Big Picture San Diego Blog

December 3, 2012


From left to right: Cathy Berg, Regional Vice President Passenger Sales Western United States, American Airlines; Jun Niimi, Consul General of Japan in Los Angeles; Yoshiharu Ueki, Representative Director/President, Japan Airlines; Thella Bowens, President/CEO,  San Diego County Regional Airport Authority; Hiroyuki Hioka, Senior Vice President-The Americas, Japan Airlines

It was a day of firsts at San Diego International Airport (SDIA) on Sunday, December 2, as Japan Airlines (JAL) flight #66 arrived from Tokyo and flight #65 departed. It was also the first commercial flight out of SDIA for the highly touted Boeing 787 Dreamliner. "Let's think of all the real people who will benefit from this flight," said Thella Bowens, President and CEO of the San Diego County Regional Airport Authority, adding that half a million people from San Diego travel to Asia every year. Bowens described the Dreamliner as a dream aircraft for the San Diego market because it is the first aircraft with the size, airfield performance and range to make the nonstop oceanic flight viable.

San Diego Regional EDC worked with the Airport Authority and other organizations to make the case for the San Diego-Tokyo flight. Before now, business executives had to fly to Los Angeles, San Francisco or other west coast cities to connect to Asia. The new Tokyo service will link directly to 15 other destinations in Asia.

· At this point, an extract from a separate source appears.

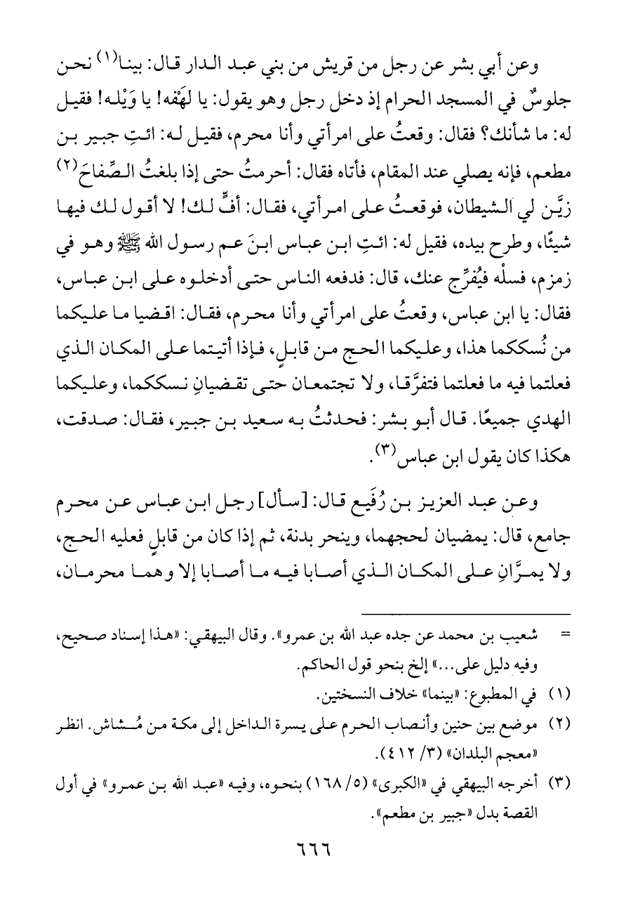 وعن أبي بشر عن رجل من قريش من بني عبد الدار قال: بينا (¬١) نحن جلوسٌ في المسجد الحرام إذ دخل رجل وهو يقول: يا لَهْفه! يا وَيْله! فقيل له: ما شأنك؟ فقال: وقعتُ على امرأتي وأنا محرم، فقيل له: ائتِ جبير بن مطعم، فإنه يصلي عند المقام، فأتاه فقال: أحرمتُ حتى إذا بلغتُ الصِّفاحَ (¬٢) زيَّن لي الشيطان، فوقعتُ على امرأتي، فقال: أفٍّ لك! لا أقول لك فيها شيئًا، وطرح بيده، فقيل له: ائتِ ابن عباس ابنَ عم رسول الله - صلى الله عليه وسلم - وهو في زمزم، فسلْه فيُفرِّج عنك، قال: فدفعه الناس حتى أدخلوه على ابن عباس، فقال: يا ابن عباس، وقعتُ على امرأتي وأنا محرم، فقال: اقضيا ما عليكما من نُسككما هذا، وعليكما الحج من قابلٍ، فإذا أتيتما على المكان الذي فعلتما فيه ما فعلتما فتفرَّقا، ولا تجتمعان حتى تقضيانِ نسككما، وعليكما الهدي جميعًا. قال أبو بشر: فحدثتُ به سعيد بن جبير، فقال: صدقت، هكذا كان يقول ابن عباس (¬٣).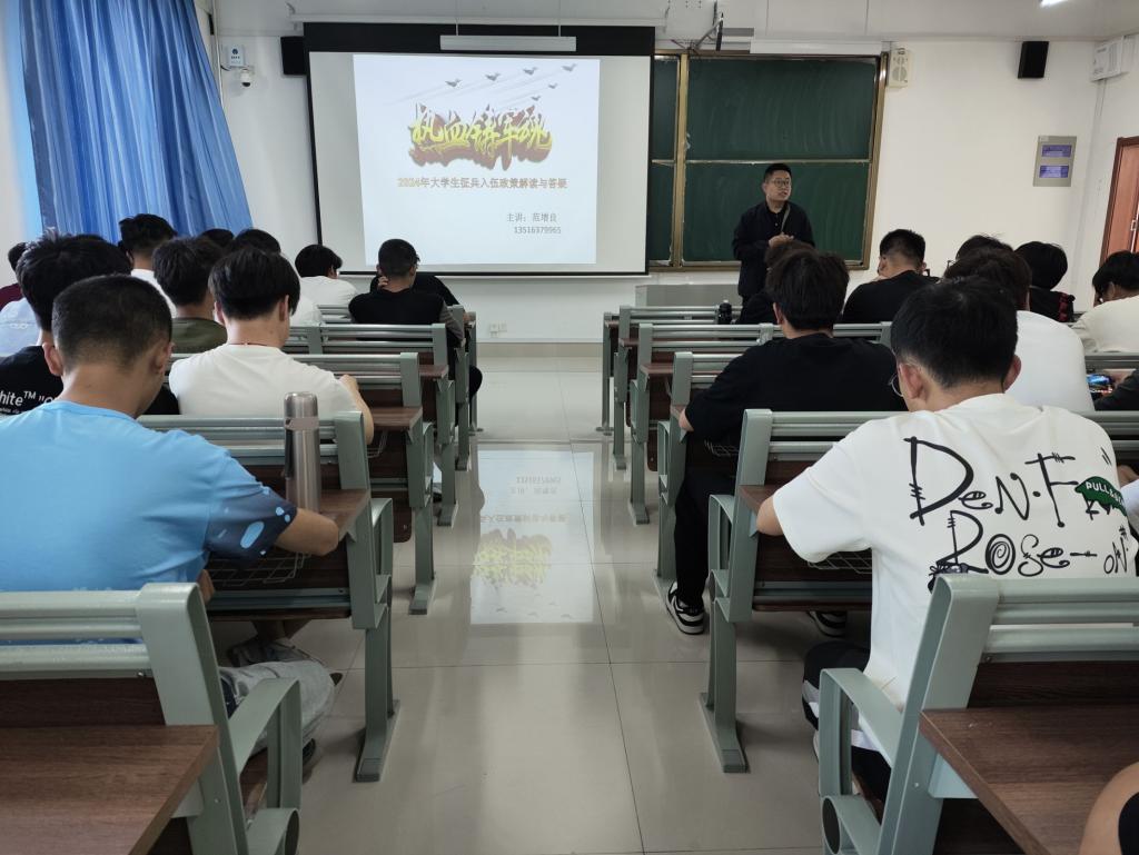 宣讲会上,范增良分别从入伍的基本条件、流程、入伍所享受的优惠政策等方面向同学们解读当前的老员工征兵政策。此外,范增良还针对同学们普遍关心的入伍条件、服役期限、军旅生涯规划以及退役后的安置等问题进行了细致解答,帮助同学们全面了解参军的意义和未来可能发展的道路。会上,范增良呼吁同学们积极响应国家征召,选择参军入伍,以实际行动捍卫国家安全,同时也借此机会实现个人价值追求,为国家的繁荣稳定贡献自己的青春力量。

Bob Filner, new Mayor of the City of San Diego, attended the press conference held prior to the arrival of the inbound flight and reiterated his desire to strengthen San Diego's image as an international center. "I want to make San Diego a far more cosmopolitan center," said Filner. He also recognized the economic benefits the new flight will bring to the San Diego region.

The ceremonies that accompanied the launch of the new service were marked by elegant protocol and buoyant enthusiasm. White gloved dignitaries simultaneously cut a ribbon with multiple pairs of large gold scissors. JAL President Yoshiharu Ueki, invoking the Spirit of St. Louis (which was built in San Diego), said "San Diego is so connected to aviation history. Time has brought us more innovation in the new Boeing 787 Dreamliner and it has special meaning to me to take this historic journey with you."

The flight will operate four times weekly (Monday, Wednesday, Friday, Sunday) until March 2, 2013, when it becomes a daily flight. The current configuration for the San Diego flight consists of 42 business-class seats and 144 economy seats.

December 1, 2012

The goal of Big Picture San Diego is to expand the understanding of economic development and highlight the innovative ways in which the San Diego community is coming together to build a stronger region for the benefit of all of its residents.

There’s a lot being written and discussed about the future of the San Diego region. Big Picture San Diego is an attempt to synthesize information about what’s going on in the region with commentary on how current events and policies affect San Diego’s ability to grow and prosper. Here’s a broad definition of economic development from Business Exchange, a Bloomberg blog:

“Economic development is the development of wealth in countries or regions for the wellbeing of their citizens. From a policy perspective, economic development is any effort that seeks to improve the economic wellbeing and quality of life for a community by creating and/or retaining jobs and supporting (or growing) incomes.”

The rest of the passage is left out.